Repetition must be exact and must stop with the line bearing "La ricerca estetica". It begins at the first line of the records and includes no pictures.

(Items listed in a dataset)
______

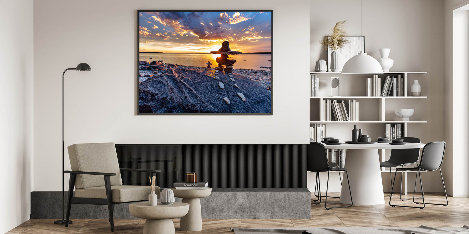 Manitoba Inukshuk Sunset - Peaceful Lakeside Stone Sculpture Wall Art
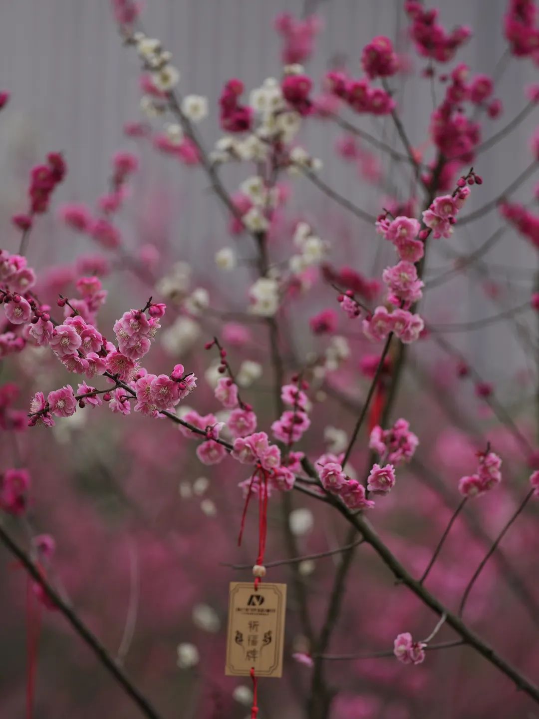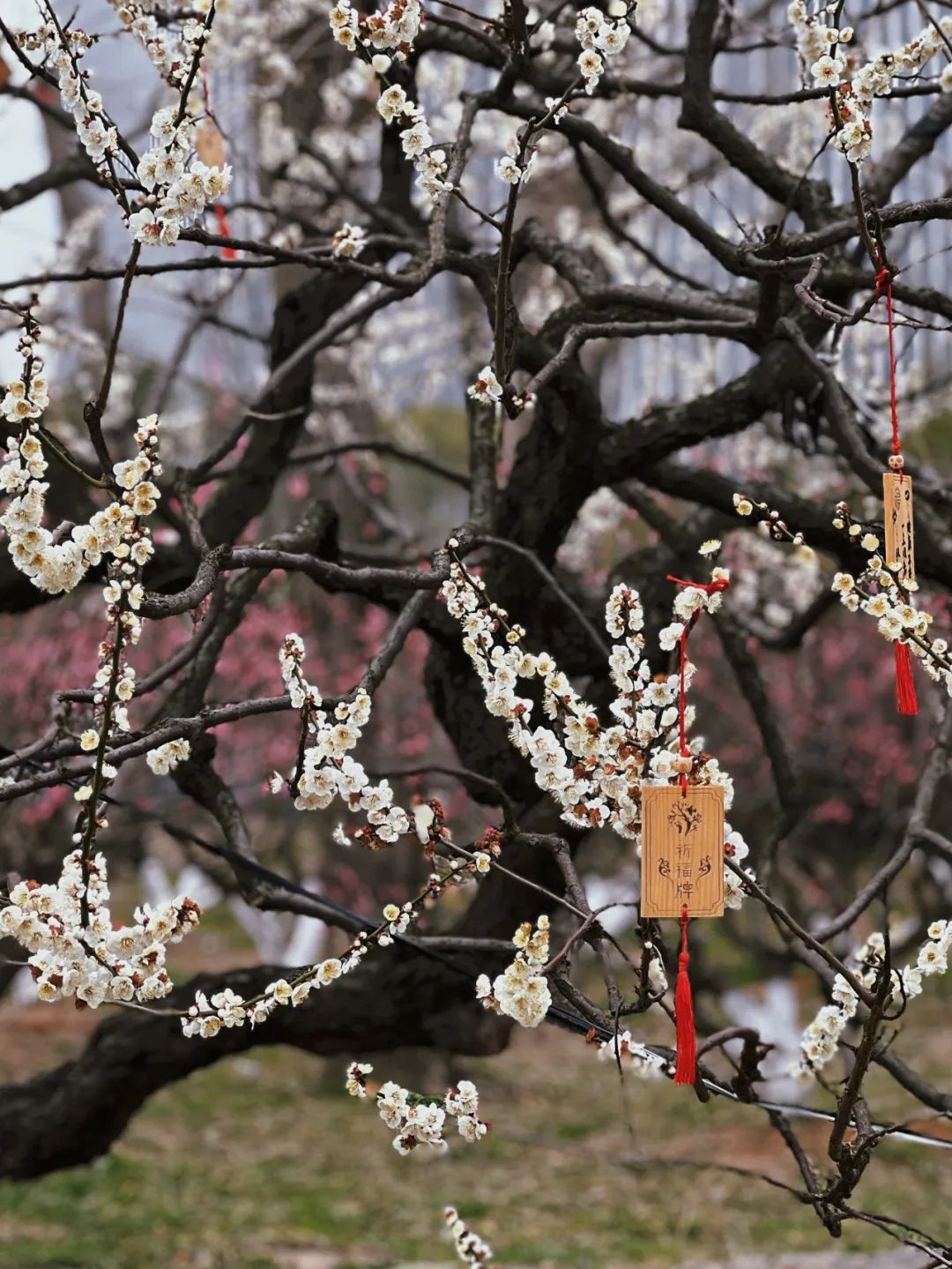 如今,一朵一朵的梅花带着含蓄的暗香,轻巧地绽放在枝头,与园内景致融为一体,暗香丝丝绕绕,落英缤纷,如梦如幻。
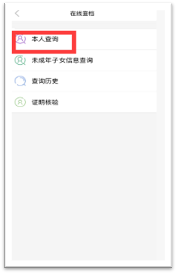 2.点击在线查档界面的【本人查询】功能。
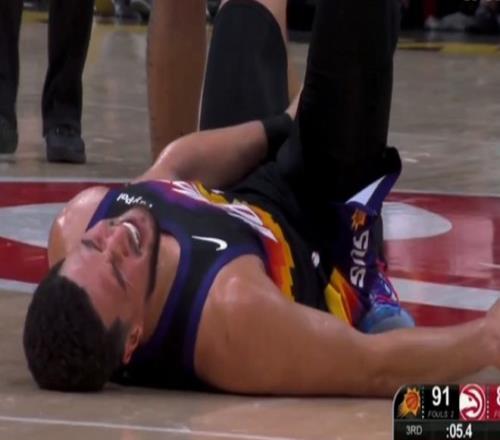 除了杰倫-格林外,太陽最麻煩是太子爺布克也在比賽第三節(jié)因傷退賽,慢鏡頭顯示他跑動時踩到奧孔武德腳導(dǎo)致嚴重崴腳。
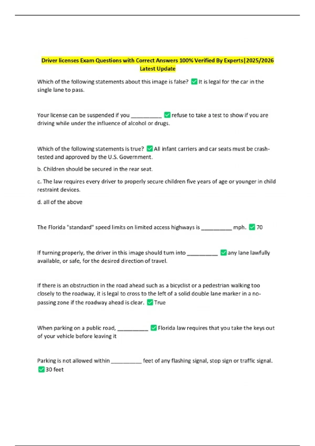 Driver licenses Exam Questions with Correct Answers 100% Verified By Experts|2025/2026 Latest Update
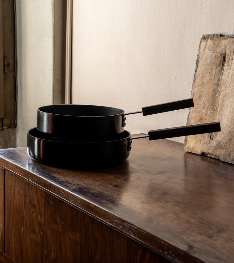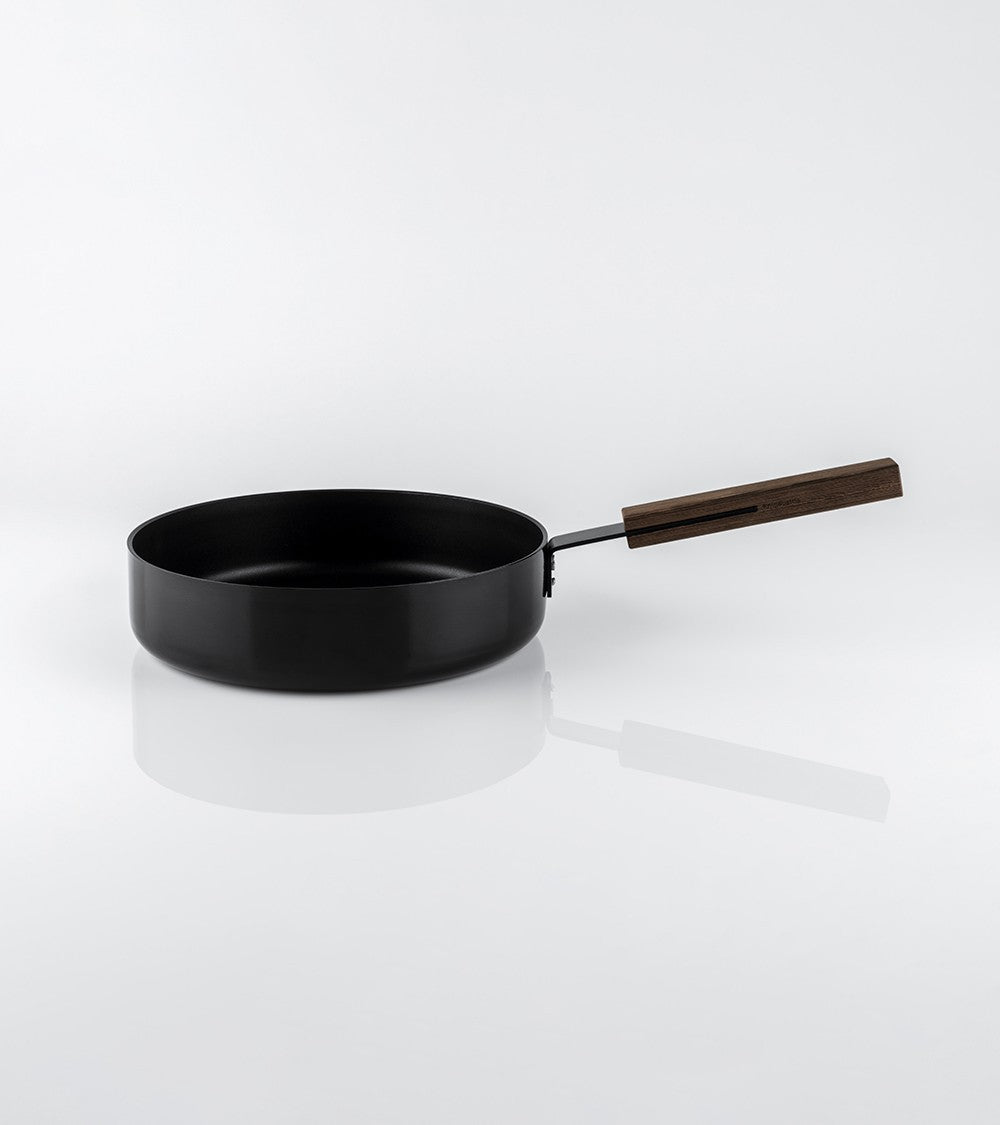 La ricerca estetica punta a un contrasto cromatico e materico: la linea Black è pensata nella nuance del nero sia per l’esterno, sia per l’interno, mentre i manici in legno wengé si abbinano con eleganza al corpo degli utensili. Il manico in wengé assume anche la funzione di perfetto isolante dal calore durante la cottura.
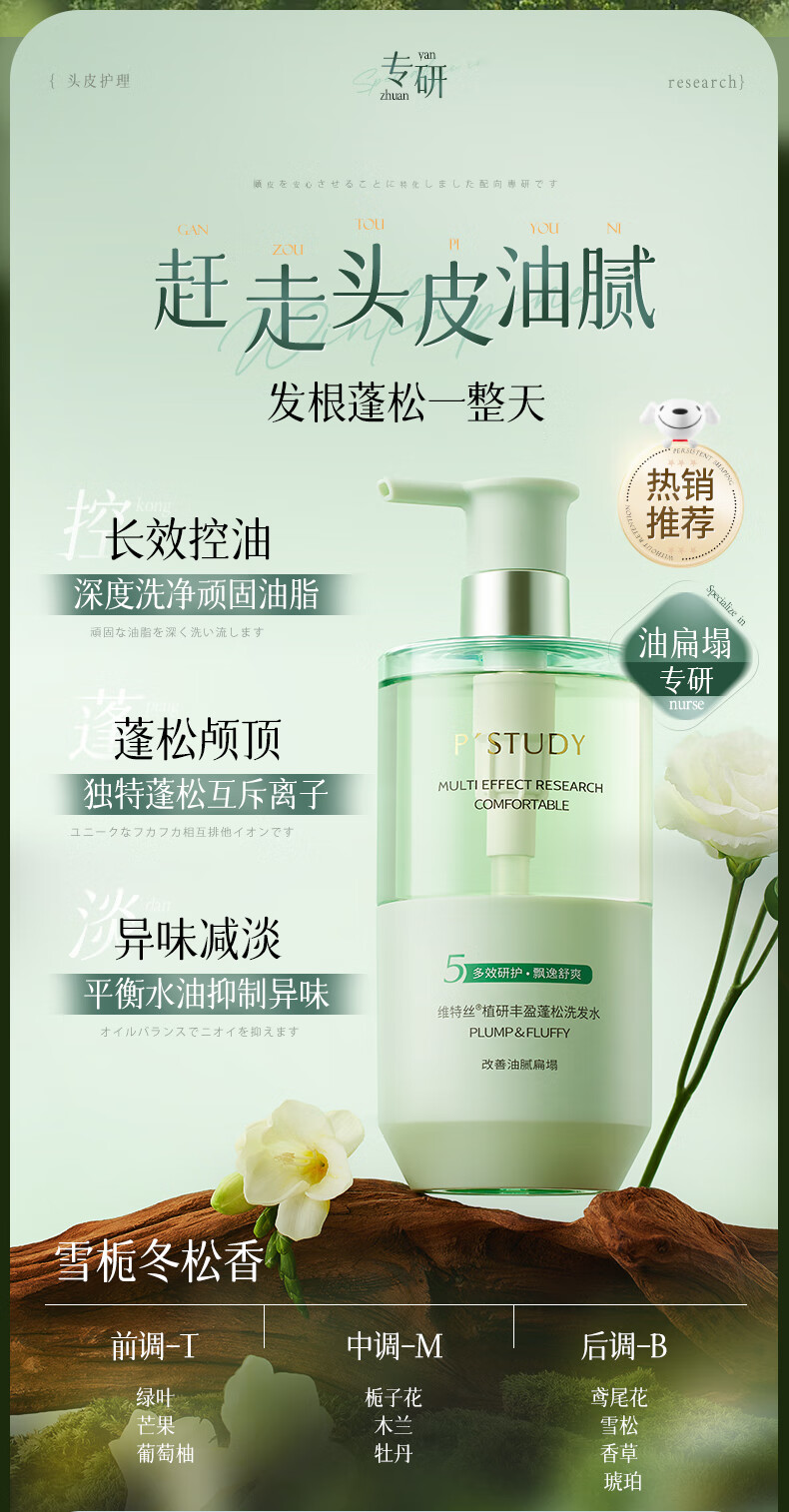 维特丝洗发水控油蓬松女士持久留香洗头膏去屑止痒金榜第1氨基酸洗发露

______

Your solution =
 Manitoba Inukshuk Sunset - Peaceful Lakeside Stone Sculpture Wall Art
 如今,一朵一朵的梅花带着含蓄的暗香,轻巧地绽放在枝头,与园内景致融为一体,暗香丝丝绕绕,落英缤纷,如梦如幻。
 2.点击在线查档界面的【本人查询】功能。
 除了杰倫-格林外,太陽最麻煩是太子爺布克也在比賽第三節(jié)因傷退賽,慢鏡頭顯示他跑動時踩到奧孔武德腳導(dǎo)致嚴重崴腳。
 Driver licenses Exam Questions with Correct Answers 100% Verified By Experts|2025/2026 Latest Update
 La ricerca estetica punta a un contrasto cromatico e materico: la linea Black è pensata nella nuance del nero sia per l’esterno, sia per l’interno, mentre i manici in legno wengé si abbinano con eleganza al corpo degli utensili. Il manico in wengé assume anche la funzione di perfetto isolante dal calore durante la cottura.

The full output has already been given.